Will Google’s Sweetened Bid for On2 Close the Deal?

Here and elsewhere, On2 shareholders dissatisfied with Google’s takeover offer for the video-compression company have campaigned against the proposed acquisition.

They’ve actually done more than that, alleging improper and untoward conduct by On2 principals and board members, some of whom were deemed to have gotten too cozy with Google and not open enough to offers from other potential acquirers.

It has been an ugly episode, for On2 and for Google, which never misses an opportunity to burnish its self-proclaimed corporate image as a non evildoer. While it hasn’t been established that Google perpetrated any dubious deeds in the context of its pursuit of On2, the ensuing charges and countercharges were unedifying.

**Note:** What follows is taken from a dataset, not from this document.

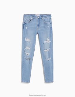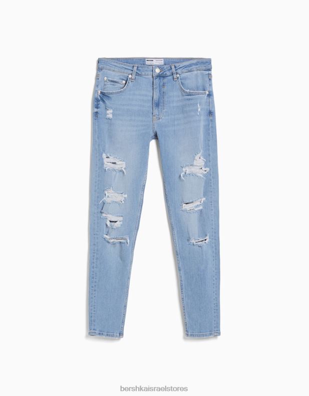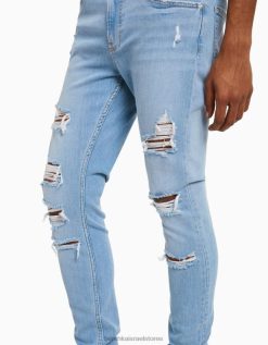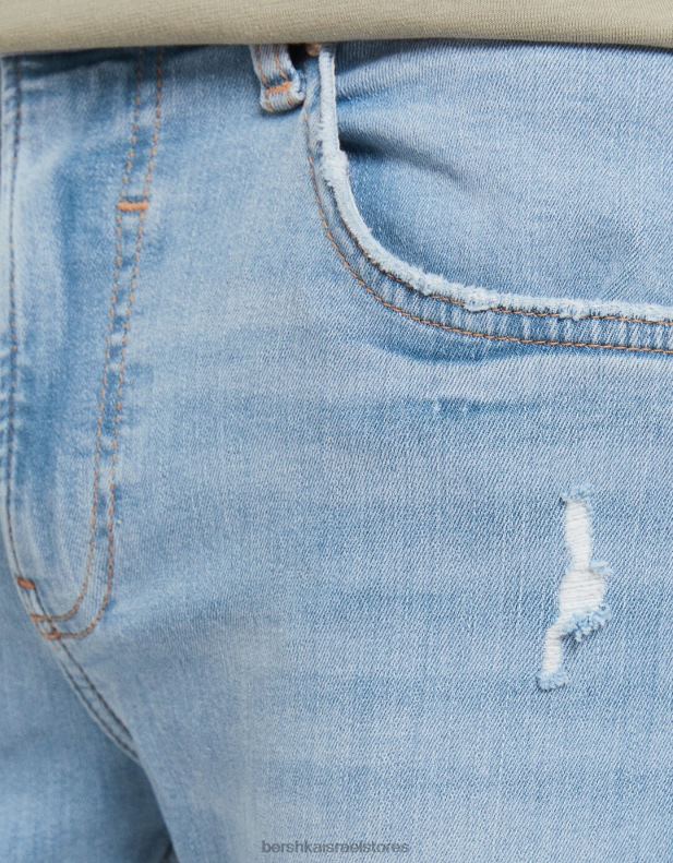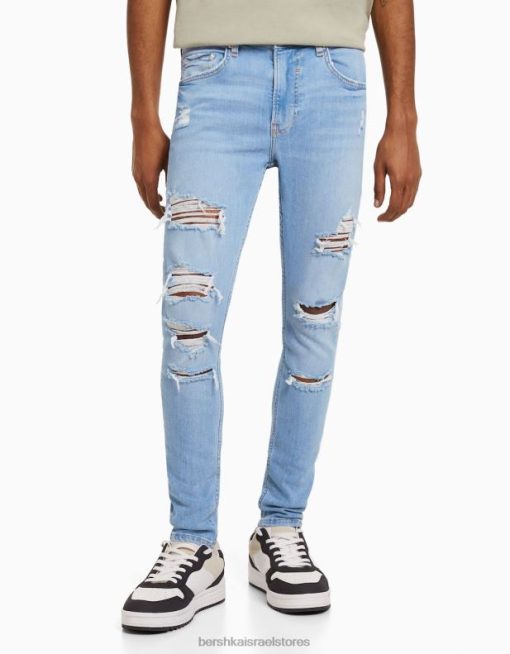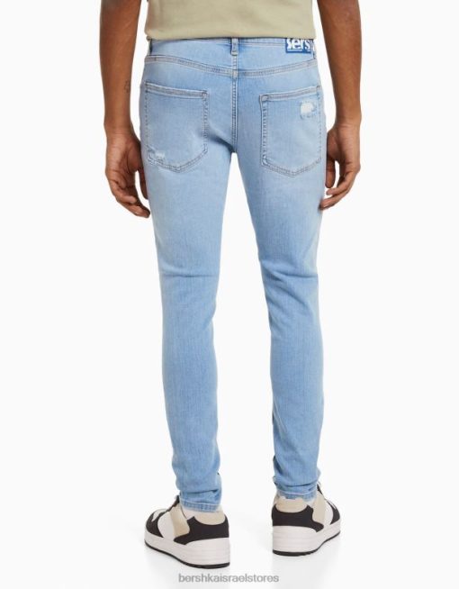 גברים ג’ינס סופר סקיני קרוע כחול בהיר 2L6JD3191 Bershka הַלבָּשָׁה

It could have gone better, and perhaps it would have done if Google had made a higher offer at the onset.

Figuring that late is better than never, Google has decided to sweeten its bid for On2. In what it described today as its “final offer,” Google proposes to give On2 stockholders an extra 15 cents in cash for every On2 share they hold, plus the originally proposed exchange of 0.001 shares of Google Class A common stock for each share of On2 stock.

Said On2 and Google in a statement:

“By increasing the consideration offered to On2’s stockholders by an additional $0.15 per share in cash, On2’s stockholders will receive additional value for their On2 common stock that Google and On2 believe better reflects the value that On2’s stockholders would have received had the acquisition closed closer to the time of its announcement in August 2009. This increase in the consideration that Google is offering to On2’s stockholders constitutes Google’s final offer.”

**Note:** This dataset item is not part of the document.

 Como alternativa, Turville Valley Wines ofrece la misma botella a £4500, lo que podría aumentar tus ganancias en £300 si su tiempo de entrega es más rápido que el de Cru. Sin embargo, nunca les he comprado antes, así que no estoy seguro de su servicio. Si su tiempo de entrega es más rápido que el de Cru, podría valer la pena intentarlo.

With the modified terms in effect, the deal would be worth about $134 million, up 20 percent on an initial arrangement valued at about $107.4 million. A large number of On2 shareholders weren’t happy with that offer — or how it came about — and they rebuffed it forcefully, compelling the company to twice postpone a shareholder meeting designed to confer official approval on the deal.

The company’s board, which has approved of the sale to Google all along, recommends acceptance of the revised bid. Shareholders will have an opportunity to pass judgment on the deal at a meeting on February 17.

Will they be favorably disposed to the sweetened offer? Will this meeting, unlike the other ones, actually take place? I’d like to hear directly from On2 shareholders, especially those — and there were many of them — who were opposed to the initial bid.

3 responses to “Will Google’s Sweetened Bid for On2 Close the Deal?

  1. Most of the millions of shares that have been bought lately are from large Institutions since On2 unethically extended the date at which shareholders are eligible to vote who On2 is hoping to sway in their favor thus the extra 15 cents. Believe me when I say the extra 15 cents wasn’t put there to get the vote of us small time retail holders that have blocked this merger so far. Matt Frost knows that isn’t going to happen.
    As far as another bid coming from somewhere else, don’t think that is all we are holding out for. We also have no problem in voting out the current management and Board of Directors. The process has already been started. We’re willing to take our lumps even if it causes the stock price to plummet and rebuild the company with new blood.

  2. Thanks for the reply, Lawrence.

    Do you and your associates feel confident that you can displace the executive management and board of directors; or are you of the view that it’s a quixotic campaign — more about principle than about the ultimate outcome?

  3. Absolutely I feel confident we can displace them. We just need block this merger vote one more time.